‘My son will only read comics – I need to get him reading real books.’ Dr Becky Long, education outreach manager at Children’s Books Ireland, has often heard these words, particularly from parents of boys aged eight to 12. “When I ask what they mean by ‘real’ books, it turns out ‘real books’ mean words and more words.

I say comics are real books.” Long has had these conversations at book clinics, run by Children’s Books Ireland, where young readers meet a book doctor for a ‘prescription’ for a new read. She believes we need to support parents in expanding their idea of reading and literacy.
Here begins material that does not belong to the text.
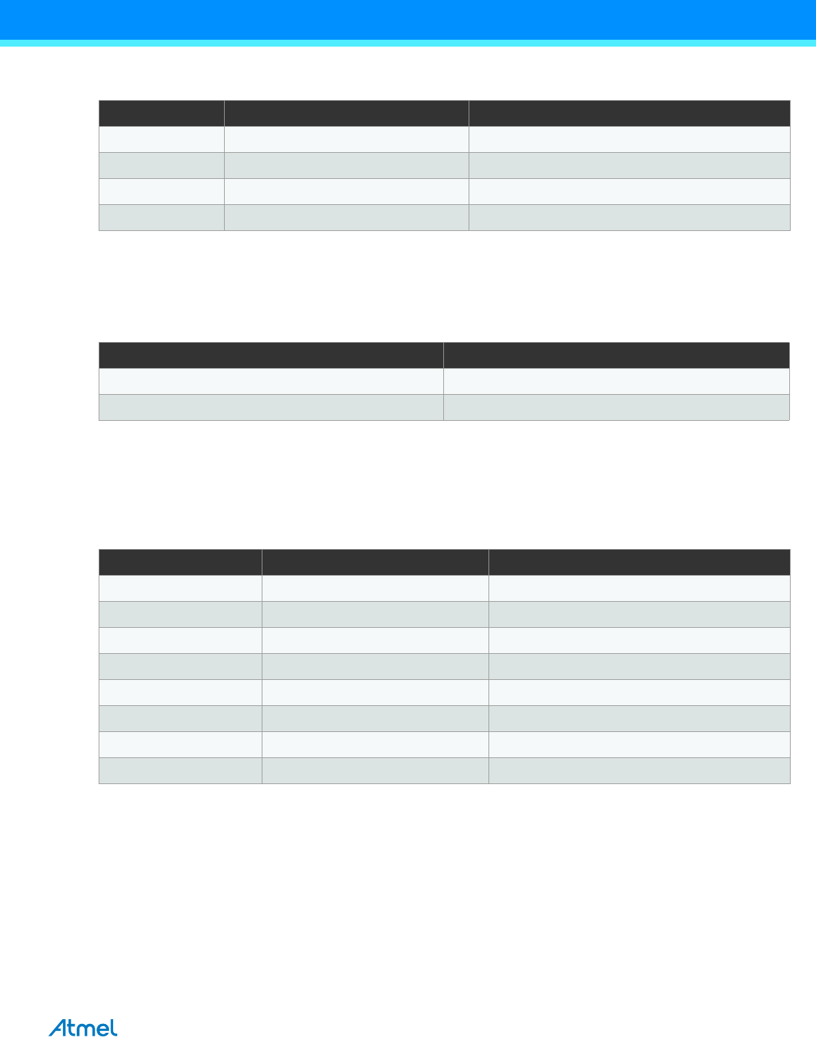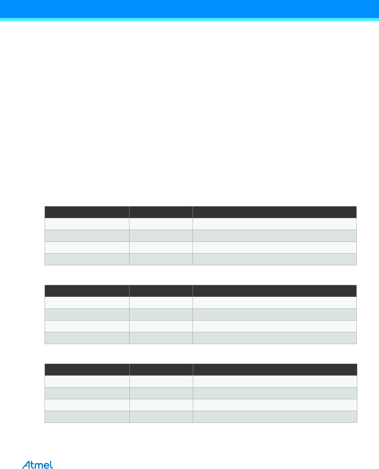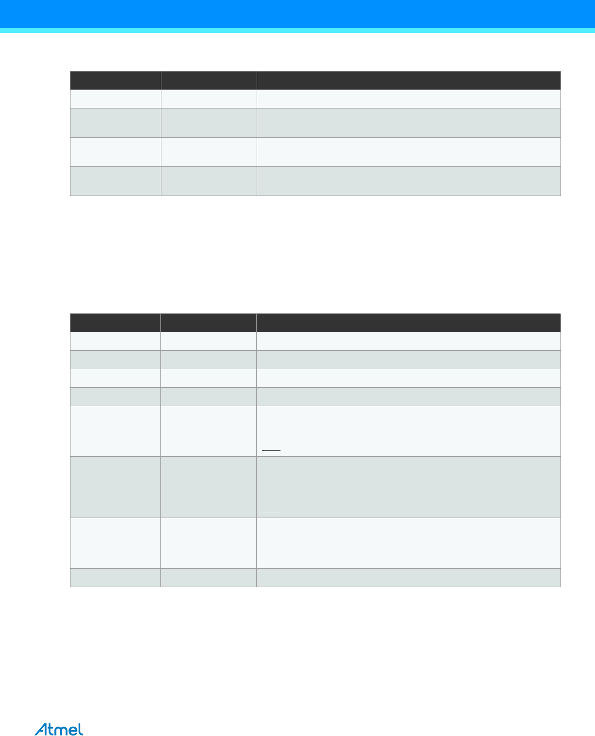 DISCLAIMER: The information in this document is provided in connection with Atmel products. No license, express or implied, by estoppel or otherwise, to any intellectual property right

The traditional reading trajectory for a child was “progressing from picture books that you have read to you, to reading books yourself that are text-based”, Long says: “There’s this idea of moving away from pictures, as if images and pictures are somehow childish, when, in fact, nobody is ever too old to gain value from pictures.” In just under a fortnight, the first Irish comic book festival for children takes place in Co Wicklow. Funded by the Arts Council, it is run by children’s bookshop Halfway up the Stairs, whose owner, Trish Hennessy, says Irish comic books “are bursting onto the scene in a big way”.

According to The Bookseller magazine, sales of children’s comic books quadrupled in value between 2018 and 2023, and “experienced triple-digit growth between 2021 and 2022”. Also, comic books have been among the Irish children’s top-10.